September 14, 2007
· Filed under Behavior, Doctor, Medical History

Guess you’re probably wondering what the sausage is all about. I promise you’ll get it in a minute.
So, I picked up my medical records yesterday for my appointment with Dr. W on the 25th. This morning, while killing time before class, I pulled them out to read them. (These are the full records of my surgery from 2005 when I had a ruptured tube from an ectopic pregnancy) Granted, half of the words I didn’t understand – like, salpingectomy and hemoperitoneum. However, I almost fell out of my chair laughing when I read this: “The left tube was dilated, looking like a swollen sausage”. Parts of my organs have been compared to breakfast food. Nice. I slightly remember this being said while I was in the hospital back in 2005, but I was so drugged up that it was quite blurred.
Really, though, medical records are quite entertaining. Get past the fact that I lost all chance of ever getting pregnant the natural way, and there’s actually some funny stuff in there. He used words like “soft and boggy” to describe my uterus (sorry, is that TMI?) and listed under “General” says “The patient is a pale looking white female in distress (duh) laying on the exam table. Ha! I think distress is an understatement. Try “inches from the edge” or “complete and total panic accompanied by severe, blinding pain”. Either of those will suffice. It’s much easier to joke about it now that it’s been two years. Maybe that’s just the “infertile” way of coping. Oh, and I’ve adopted a new condition…it’s called “Infertourrettes” and it’s something like regular Tourrettes, but you’re infertile and you just start spouting off TMI about everything fertility oriented. The word was coined especially for women like me by Erin at The Vicious Cycle of Cycles. I liked it.
I guess that’s it. Just needed a bit of comic relief for the end of the week. Enjoy your weekend!
~Brooke~
September 7, 2007
· Filed under Behavior, General, Kids

At lunch yesterday there was this way pregnant gal with her mom. The guy in line in front of them starts making baby small talk and he offers up the fact that a friend of his just had her 5th child…after 4 girls, they finally had a boy. Enter new participant in the conversation (we’ll call her Big Mouth). She says, “I hope they know now what causes that and stop!”. Yes, I’m completely serious – she said this without so much as as pause to think before this ignoramus statement escaped.
Later, while sitting down to eat, I couldn’t help but think about this idiotic statement, it reminded me of another situation I had encountered of the same sort a couple of months ago. This one was much worse.
We were in Subway and there was a family in there with 5 children that all looked very close in age (about 7-9 yrs old). We chatted with them and it turned out that she had infertility issues at one point and started IVF treatments. The first time it didn’t work, and the second time they had one healthy boy. After a little while they decided to try for one more baby to complete their family. It worked – they had triplets! About 8 or 9 months after the triplets were born she turned up pregnant naturally. I tell you their whole story to really let it sink in how thoroughly ridiculous the statement sounded coming from the grandpa looking guy who walked in. Brace yourself. He says, “They all yours?” and after a smiling “yes” from the mother, he proceeds to say “I’m really sorry to hear that.” WHAT?!? I can’t imagine how she felt – I myself felt like crap on the side of the road for her. Had he known how much she wanted those 5 kids, and how hard she tried to have them, and how much blood, sweat, and tears (and money) she had put in to get them, do you think he would have said that?! The kids couldn’t have felt great about the comment either. They were all old enough to comprehend that the guy felt sorry for their mother for having them. I think if I had been her I would’ve had to say something along the lines of “I’m not sorry, these are the best things that ever happened to me” just to save the kids the embarrassment and shame that they could have felt after a comment like that one.
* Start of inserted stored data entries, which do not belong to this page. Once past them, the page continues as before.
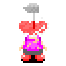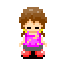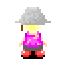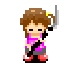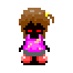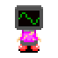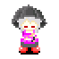 Shimitsuki has black skin and glowing red eyes. Pressing shift causes the screen to partially fill with white noise, including sound effects. When walking, black stripes and dots appear and disappear on the rest of Shimitsuki's sprite. | |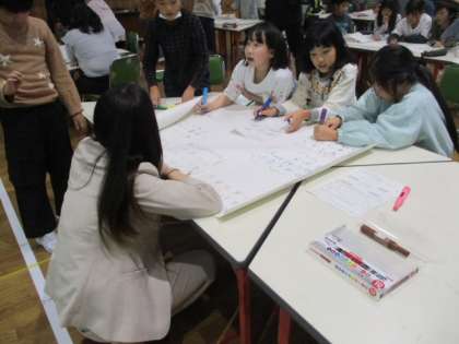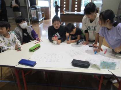 後半の学習は、八尾町の好きなところやなくなってほしくないところ、これからの八尾町がどのようになってほしいかをグループごとに話し合いながら、大きな紙にまとめていきました。好きなところは、「町の人がやさしい」「おわらや曳山がある」「自然がいっぱいなところ」などいろいろな意見が出ました。普段の生活経験の中から感じていることをもとに「お年寄りにやさしい親切な町になるといい」「大きな公園をつくって、町の人とふれ合えたらいいな」など、それぞれが、違った素敵な八尾町の未来を語っていました。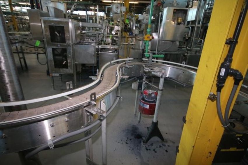 Aprox. 22 ft. L S/S Product Conveyor with 4 1/2" W Chain, Single into Dual Lane Running into Case Packer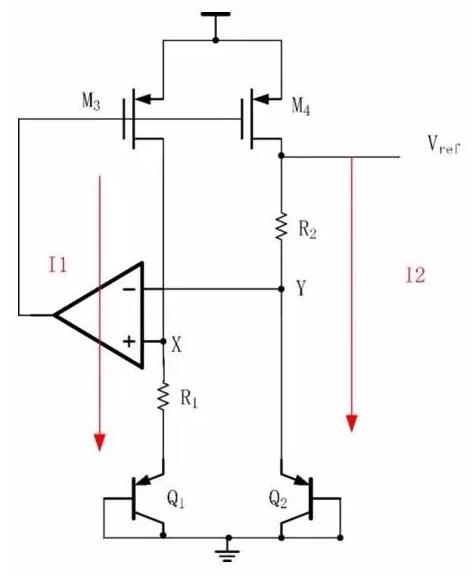 回到上圖,由運放分析VX=VY,那么就是I1*R1+Vbe1=Vbe2,這樣可得:I1=△Vbe/R1,而且因為M3和M4的柵極電壓相同,因此電流I1=I2,所以推導出公式:I1=I2=VT*ln(N/R1) N是Q1 Q2的PN結面積之比!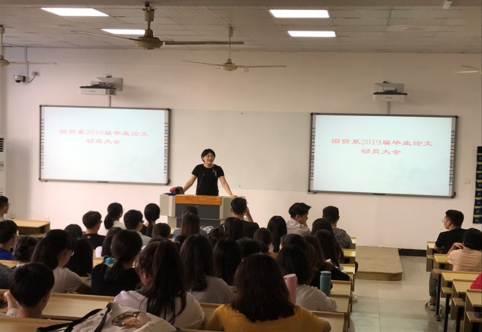 2018年10月9日下午,温州大学商学院国贸系2019届毕业论文动员大会在北3-201教室顺利召开。本次动员大会由国贸系马媛老师主持,15国贸本和17国贸专升本班级的学生参加了本次大会。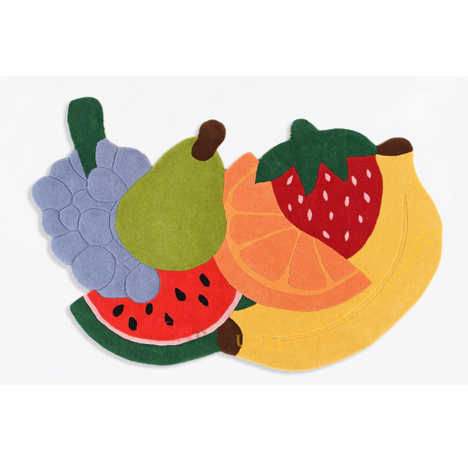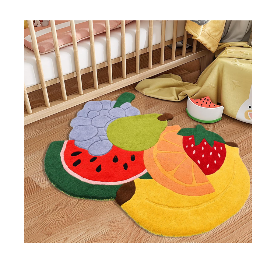 Alfombra Moderna de Lana con Forma de Sandía, Tapete de Juego Irregular con Mechones, Tamaño Personalizado, Antideslizante, Lavable, para el Hogar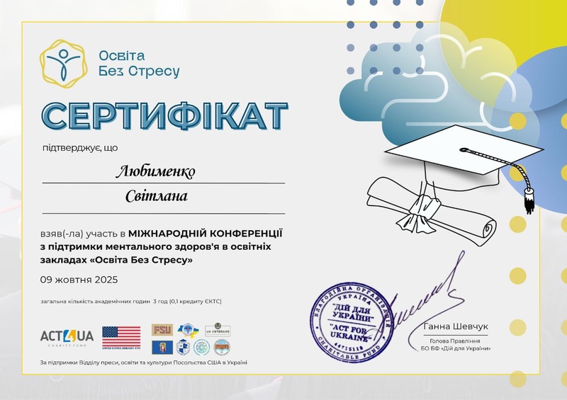 9 жовтня 2025 року відбулася Міжнародна конференція «Освіта Без Стресу», присвячена підтримці ментального здоров’я в освітніх закладах. Захід об’єднав освітян, психологів, дослідників та представників громадських організацій з різних країн, які прагнуть зробити навчання більш безпечним, комфортним і психологічно здоровим для учнів та студентів.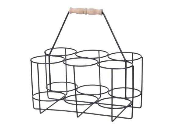 Κάβα κρασιών μπουκαλοθήκη, μεταλλική, 6 θέσεων σε μαύρο χρώμα, 28x19x28.5 cm Οργανώστε τα μπουκάλια του κρασιού σας στο σπίτι σας και παράλληλα διακοσμήστε τον χώρο σας μοναδικά. Η μεταλλική μπουκαλοθήκη με 6 θέσεις μπουκαλιων θα δέσει εξαιρετικά στο σαλόνι σας ότι διακόσμηση και εαν έχετε επιλέξει. Μικρή γεύση από κελάρι σπίτι σας! Μπορεί να χρησιμοποιηθεί και για σερβίρισμα. Διαθέτει και λαβή για εύκολη μεταφορά. Χαρακτηριστικά: Υλικό : Μέταλλο Θέσεις : 6 Μαύρο χρώμα Με ξύλινη λαβή Ιδανικό για κάθε χώρο Διαστάσεις : 28x19x28.5 cm (ΜΠΥ) Ευκολο στη μεταφορά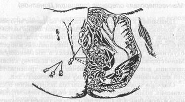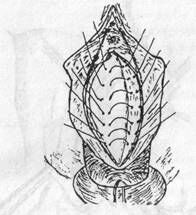 Боковые ветви разрезов при этом должны иметь дугообразную форму выпуклостью в боковые стороны и заканчиваться у зажимов на больших половых губах. Ширина выкраиваемого лоскута зависит от величины ректоцеле. Отсепаровка лоскута слизистой производится острым путем под контролем пальцев левой руки, помещенных под отслаиваемую слизистую. Отсепаровка всегда должна начинаться сверху. Кровоточащие сосуды следует сразу же обшивать тонким кетгутом или викрил ом. Кожа промежности рассекается разрезом дугообразной формы, обращенным выпуклостью в сторону анального отверстия. Для этого ассистенты растягивают зажимы Кохера в стороны, что обеспечивает возможность выполнения симметричного разреза. После удаления лоскута слизистой оболочки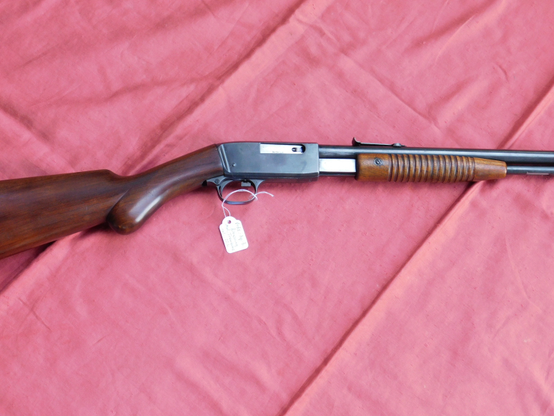 Browning Trombone 22 LR. Vorderschaftrepetierbüchse mit Röhrenmagazin, Lauf innen spiegelblank und Profil scharf. Gültiger belg. Beschuss! Für mich sind nur minimale bis leichte Gebrauchsspuren sichtbar.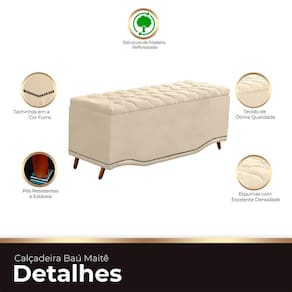Transforme seu quarto em um espaço de luxo com a Calçadeira Estofada Maitê. Além de ser estilosa, moderna e sofisticada, ela apresenta detalhes em captones e acabamentos com botões na cor do móvel, proporcionando uma decoração inigualável. As tachinhas de alumínio adicionam um toque de sofisticação, elevando ainda mais o ambiente. Esta calçadeira não é apenas um móvel funcional; é uma peça de design que transformará seu quarto em um oásis de elegância. Adquira a Calçadeira Maitê para um toque final de luxo e beleza no seu espaço pessoal

Ok, let me backup. I know that probably sometime in my life I have said something closer to what Big Mouth lady said, and now I am totally sorry if I ever did. When it’s not so easy to have kids, you get really sensitive to statements people make about children, and how people treat their kids in general. Even if your man can look at you the right way, and you get pregnant you still love ALL your kids! Sure, sometimes, they are a complete handful and you need a break, you still don’t want to hear someone say they are sorry you have to deal with your kids. Honestly, it hurts to hear. I have a co-worker that has 10 wonderful, well behaved children ranging in age from 17 to infant. I can’t imagine the comments they must get about their family. I would never want to say something to make him feel like he and his wife “must be crazy” or “don’t know where they come from”. Doesn’t that sound silly! His family is his business – he’s allowed to have as many kids as he wants without being made to feel like a fool.
I’m a big girl, and I can handle most stupid comments from random strangers, but really, think about what comes out of your mouth. Especially in public places. You never know who may be standing within earshot of your comments. You don’t know what people around you have been through, and degrading, judgmental, even in jest comments can be truly hurtful. Speak positively!